PROVIDED MATERIAL:
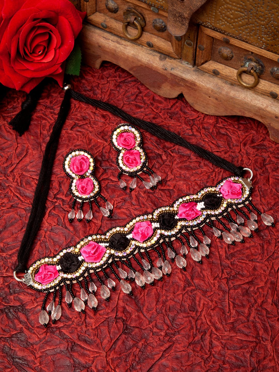 Pink & Black Silver Plated Beads & Stones Floral Handcrafted Jewellery
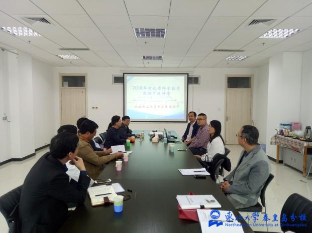 5月15日,为了提高我校河北省科学技术奖的申报质量,科技处邀请燕山大学河北省自然科学奖二等奖获得者杨洪玖、河北省科技进步奖一等奖获得者俞滨来校,在人文楼536室为我校教师做申报“河北省科学技术奖”培训会。科技处处长郭戈主持会议。
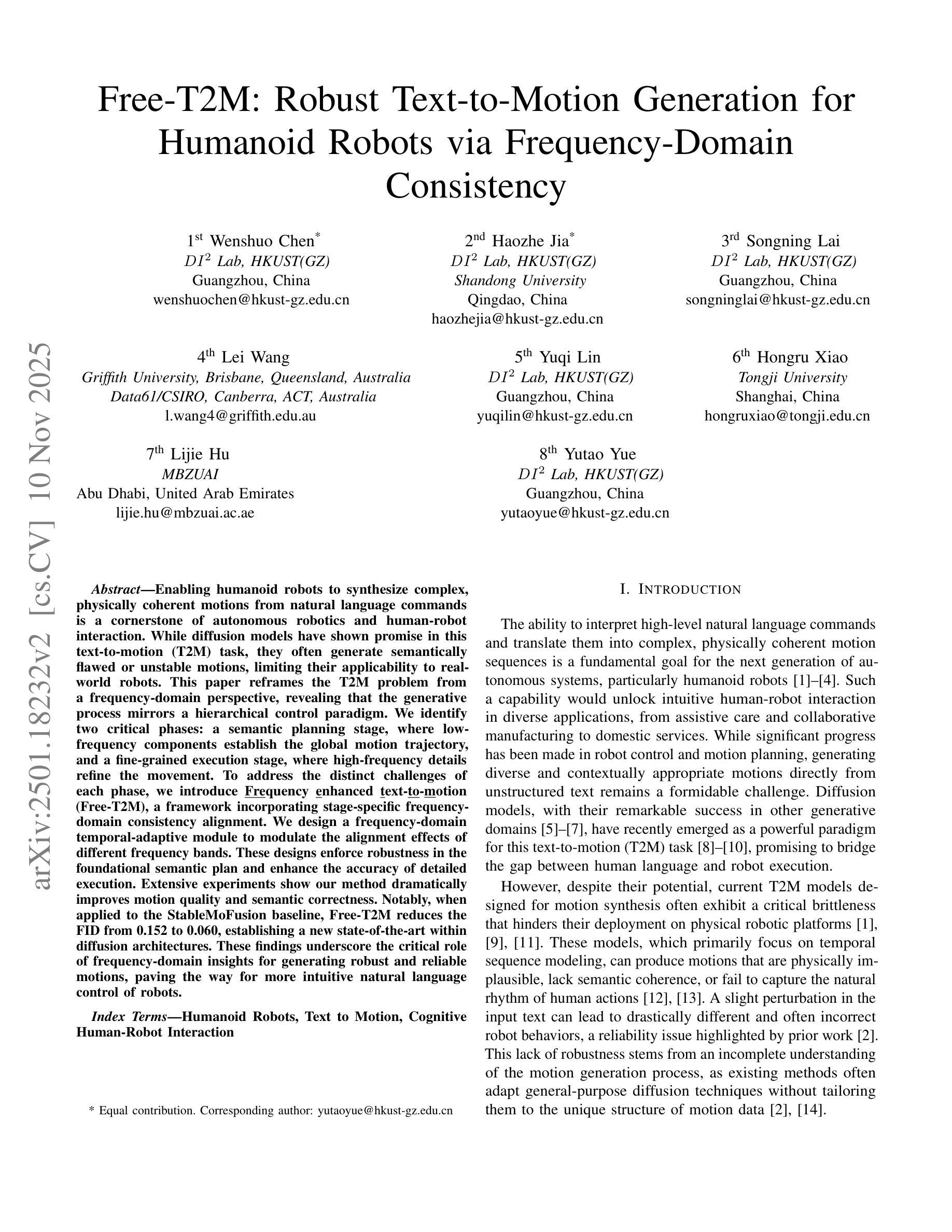 本文探讨了使类人机器人能够从自然语言命令中合成复杂、物理连贯的运动的重要性。针对扩散模型在文本到运动(T2M)任务中生成语义缺陷或不稳定运动的问题,本文提出从频率域角度重新考虑T2M问题,并引入频率增强文本到运动(Free-T2M)框架,通过阶段特定的频率域一致性对齐来解决两个关键阶段——语义规划阶段和精细执行阶段的挑战。实验表明,该方法显著提高运动质量和语义准确性,当应用于StableMoFusion基线时,FID从0.152降低到0.060,建立了一个新的扩散架构内的最佳水平。这些发现强调了频率域洞察对于生成稳健和可靠运动的关键作用,为更直观的机器人自然语言控制铺平了道路。

REQUIREMENT: All of the material above needs to be restated exactly, with no pictures.

EXERCISE RESPONSE:
 Pink & Black Silver Plated Beads & Stones Floral Handcrafted Jewellery
 5月15日,为了提高我校河北省科学技术奖的申报质量,科技处邀请燕山大学河北省自然科学奖二等奖获得者杨洪玖、河北省科技进步奖一等奖获得者俞滨来校,在人文楼536室为我校教师做申报“河北省科学技术奖”培训会。科技处处长郭戈主持会议。
 本文探讨了使类人机器人能够从自然语言命令中合成复杂、物理连贯的运动的重要性。针对扩散模型在文本到运动(T2M)任务中生成语义缺陷或不稳定运动的问题,本文提出从频率域角度重新考虑T2M问题,并引入频率增强文本到运动(Free-T2M)框架,通过阶段特定的频率域一致性对齐来解决两个关键阶段——语义规划阶段和精细执行阶段的挑战。实验表明,该方法显著提高运动质量和语义准确性,当应用于StableMoFusion基线时,FID从0.152降低到0.060,建立了一个新的扩散架构内的最佳水平。这些发现强调了频率域洞察对于生成稳健和可靠运动的关键作用,为更直观的机器人自然语言控制铺平了道路。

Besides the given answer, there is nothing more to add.